This page REALLY is just for me to remember. When mounting a FAT32 partition, I prefer the options as in the following line found in /etc/fstab
/dev/hda1 /disks/C vfat rw,noatime,nosuid,nodev,noexec,nouser,async,iocharset=utf8,umask=0 0 0
This mounts the drive automatically at boot time and pretty much gives all users the ability to read/write to it. If I don't want the drive to be mounted at boot time but I want normal users to be able to mount it later, then I would add "noauto,user" instead of "auto,nouser" (auto is implicit in the above fstab entry). The "iocharset=utf8" option is important if you have filenames with international characters. This will make them show up appropriately (doesn't seem to be an issue with the reiserfs or ext3 as far as I have seen).
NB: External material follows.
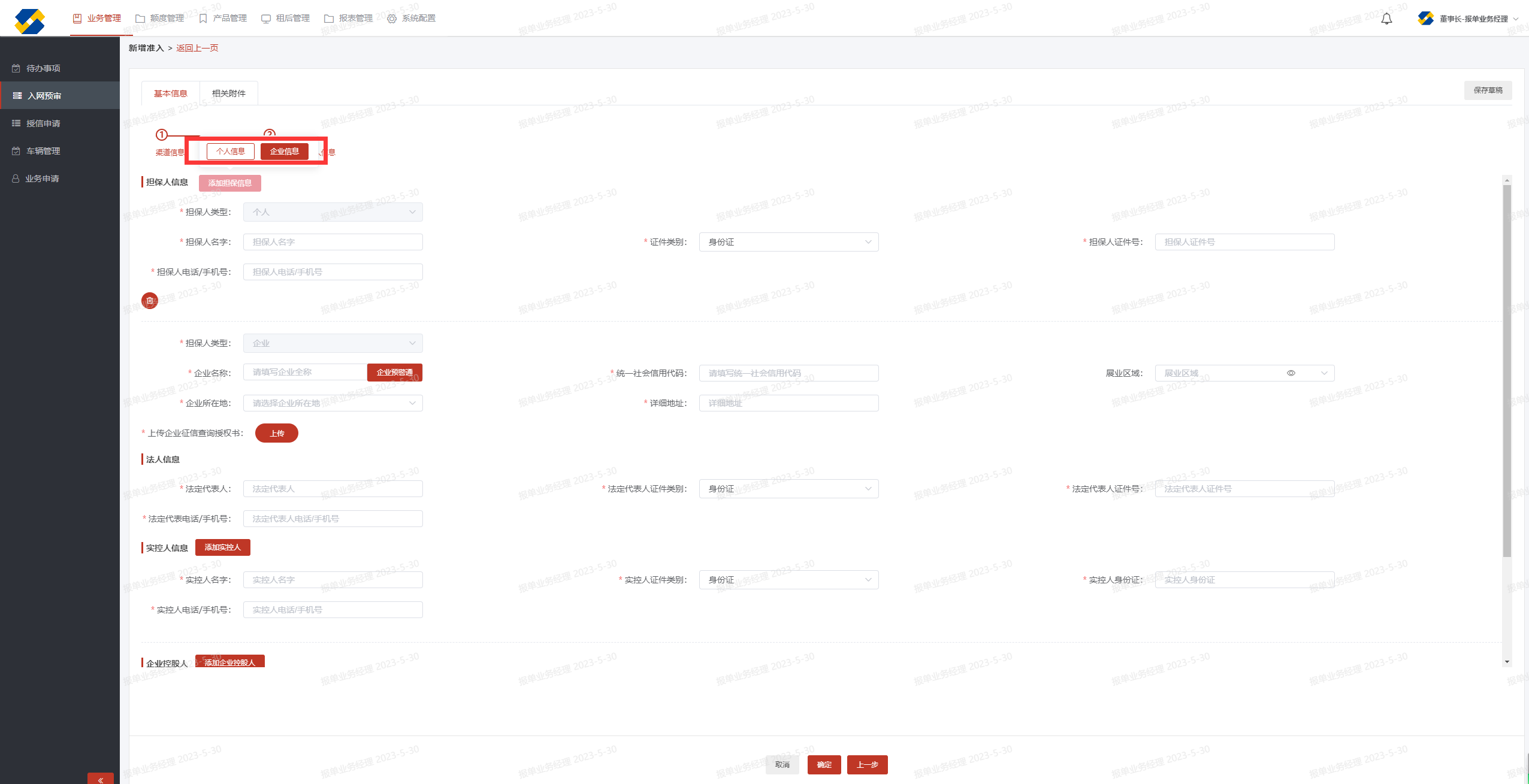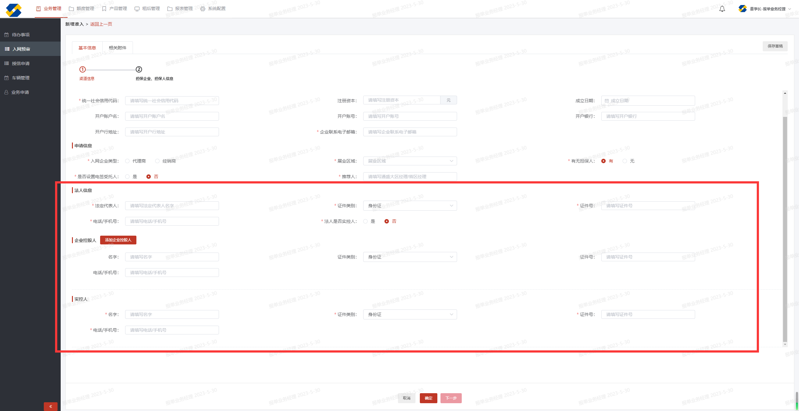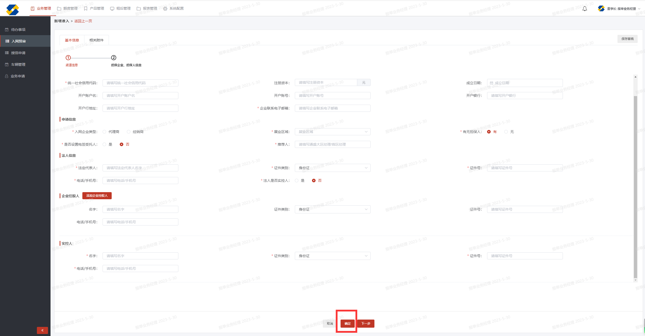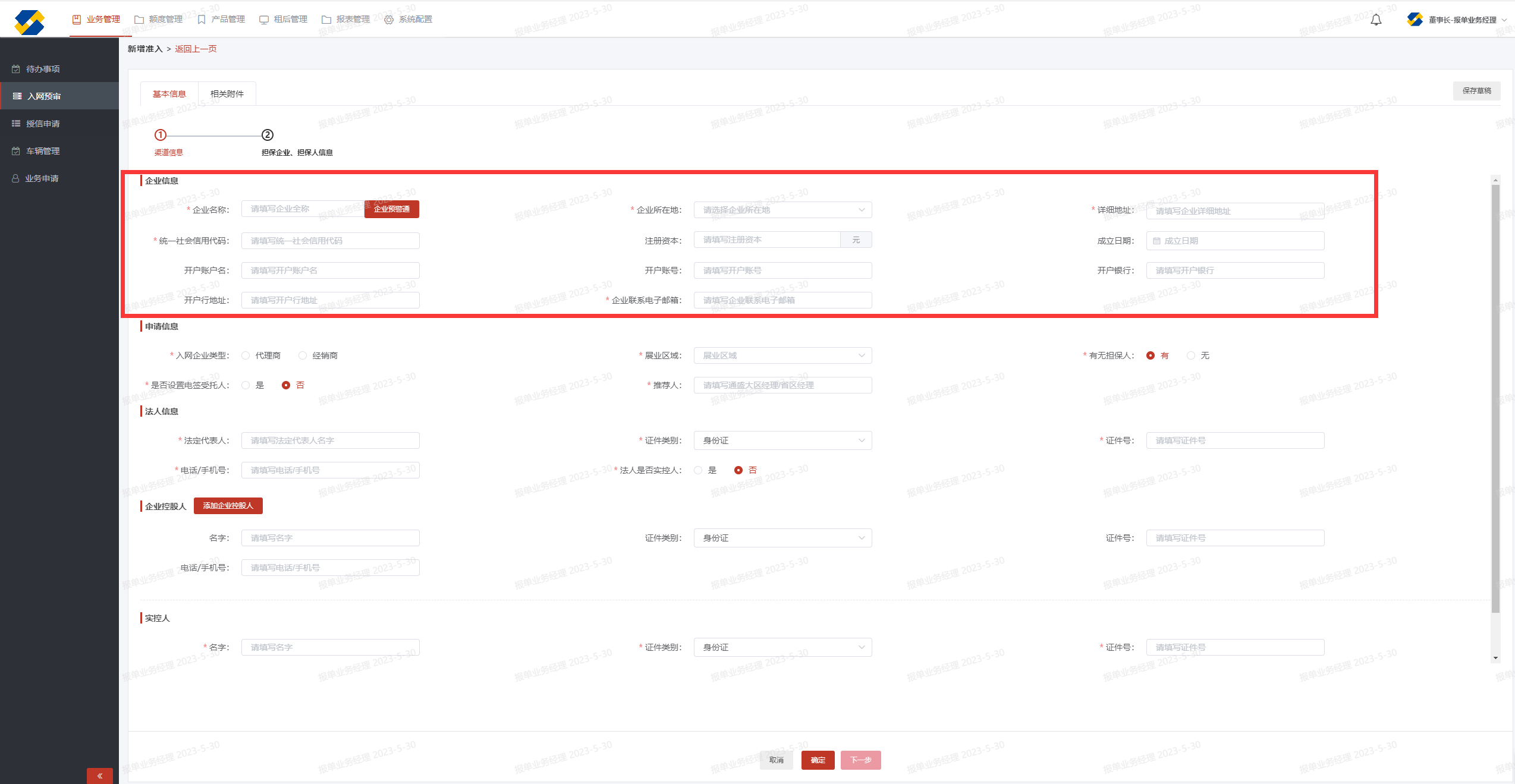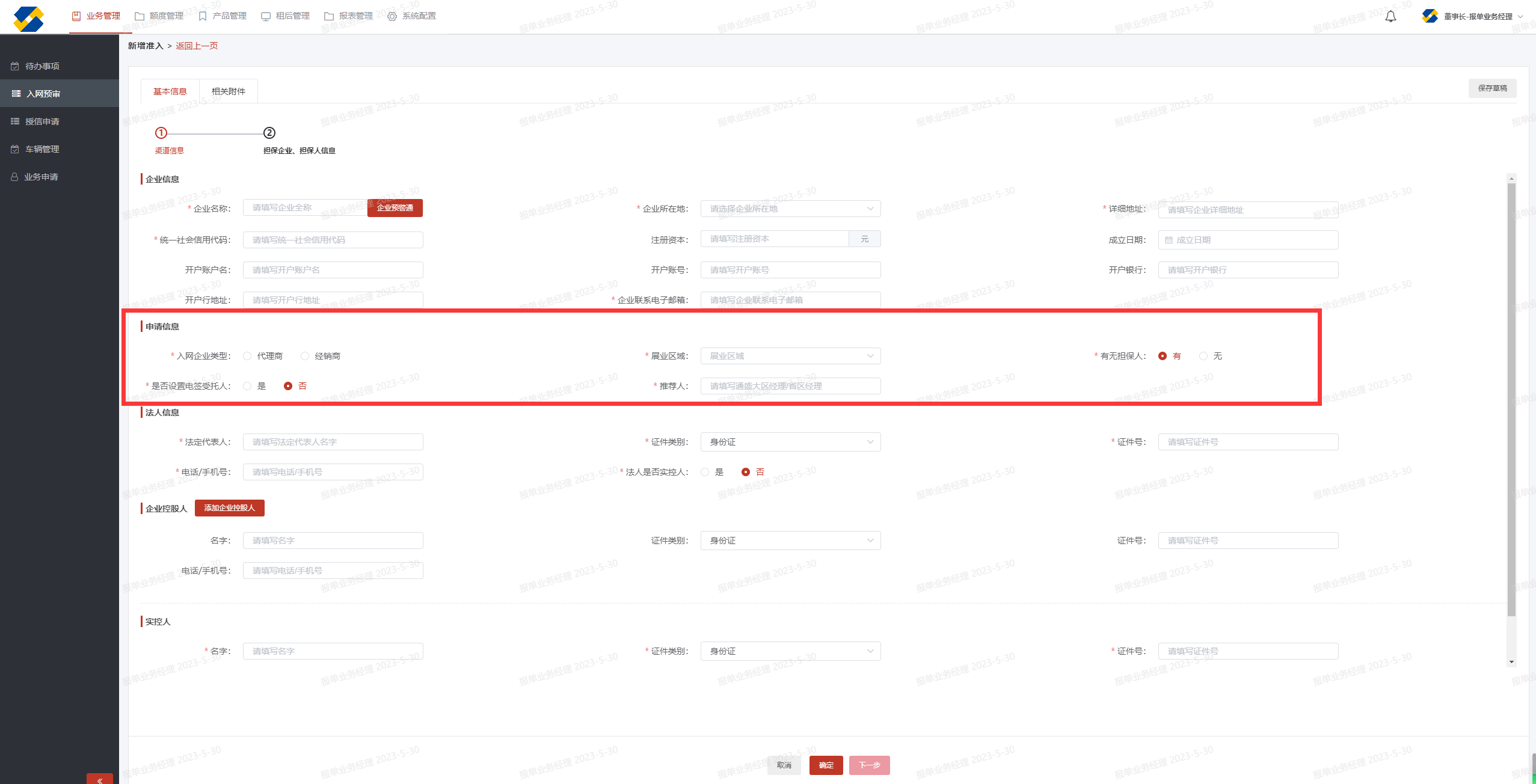 需要填写的基本信息包含入网申请的企业信息,申请信息、法人信息、企业控股人信息、实控人信息,标识红色星号的为必填项。

When mounting an NFS volume, I prefer
machine:directory localdirectory nfs noauto,noatime,user,rw,nosuid,hard,intr,sync 0 0
This DOESN'T automatically mount the volume a boot time, but it allows users to mount whenever they need to. The "hard,intr,sync" options are the important ones... I have had problems with "soft" and "async" while using NFS (the machine has locked up many times while using that).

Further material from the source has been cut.